Владыки поняли угрозу. И быстро сняли запрещение. Результатом этого было то, что во время войны абсолютно всюду можно было в очень трудных военных условиях всем общаться и быть вместе. И снятие прещения нигде потом не было нарушено. Во время войны мы могли молиться и служить вместе. Так, в Будапеште в евлогианской церкви я служил литургию вместе с возглавителем Берлинской зарубежной епархии архиепископом Серафимом (Ляде)…
2. О. Владимир – о. Георгию. 4 апр. 1968 г.
Следующий известный нам обмен мнениями между представителем «очень праведных» людей и их опонентами относится к концу 1960-х гг. Отец Владимир Родзянко, в это время жил в Лондоне и вел там религиозную программу ББС, являясь клириком Сербской Православной Церкви. Письма о. Георгия Граббе от 15/28 марта 1968 году, упоминамем о. Владимиром, в нашем распоряжении нет. Приводим здесь отрывок из ответа на это письмо от 4 апреля 1968 года, с оригинала содержащегося в архиве Епископа Григория (Граббе) в библиотеке Стэнфордского университета фонд M0964, ящик 6, папка 2.

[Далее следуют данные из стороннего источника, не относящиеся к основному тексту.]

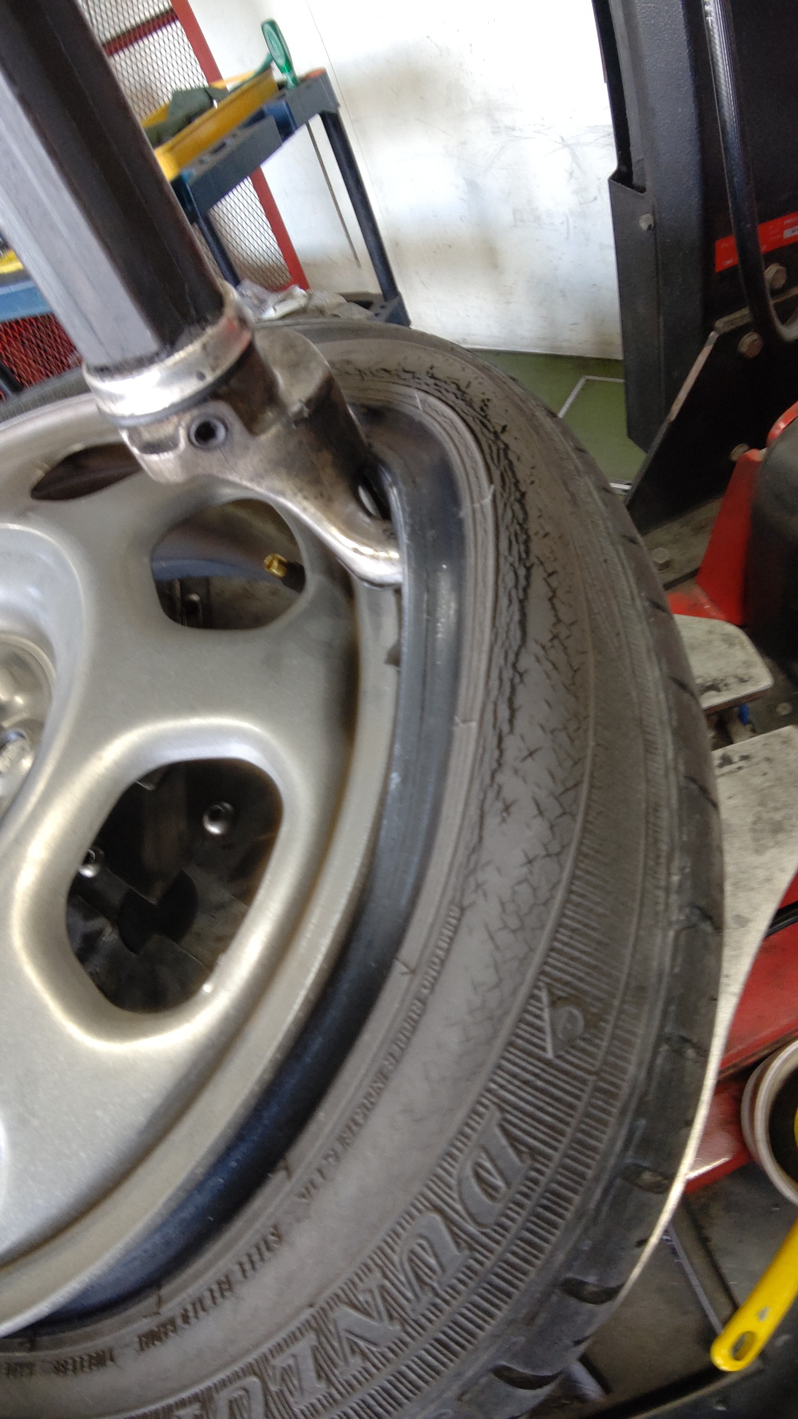 車体からタイヤホイールを外して今までのタイヤを外していきます。

(…) Что касается Вашего соображения относительно диалогов и экуменизма, то в основном, относительно характера растущей ереси, которую приобретает экуменизм – я с Вами совершенно согласен. Это один из самых больших соблазнов нашего времени, одна из самых больших трудностей, перед которой стоит весь христианский мир, а особенно мы – Правослвные, посолько мы верим что нашя Святая Церковь является истинной Церковью, которая несет откровение миру. Но в связи с этим перед нами, Православными, огромная отвественность и в этом отношении я никак не могу согласиться с тем, кто, вместо того, чтобы принять активное участие в современной жизни современного мира, в частности христианского мира, уходят, уходят, как говорится вглубь своей собственной души, вглубь своих собственных келлий и оттуда просто, иногда неознакомившись как следует ни с чем, мечут громы и молинии и анафематствуют. Я думаю, что этим мы только можем повредить и Святому Православию и его миссии в мире и остальным христианам. Наш долг и наша цель идти в экуменизм не становясь экуменистами. Это очень трудно – я знаю. Это также трудно, как быть христианином в коммунистических странах или работать «на фронте», как я это называю, скажем: вести такого рода радиопередачу через радиостанцию, которая не принадлежит Православной Церкви в которой я не имею всех прав, посколько она не моя. Тем не менее это надо делать, надо не сдаваться.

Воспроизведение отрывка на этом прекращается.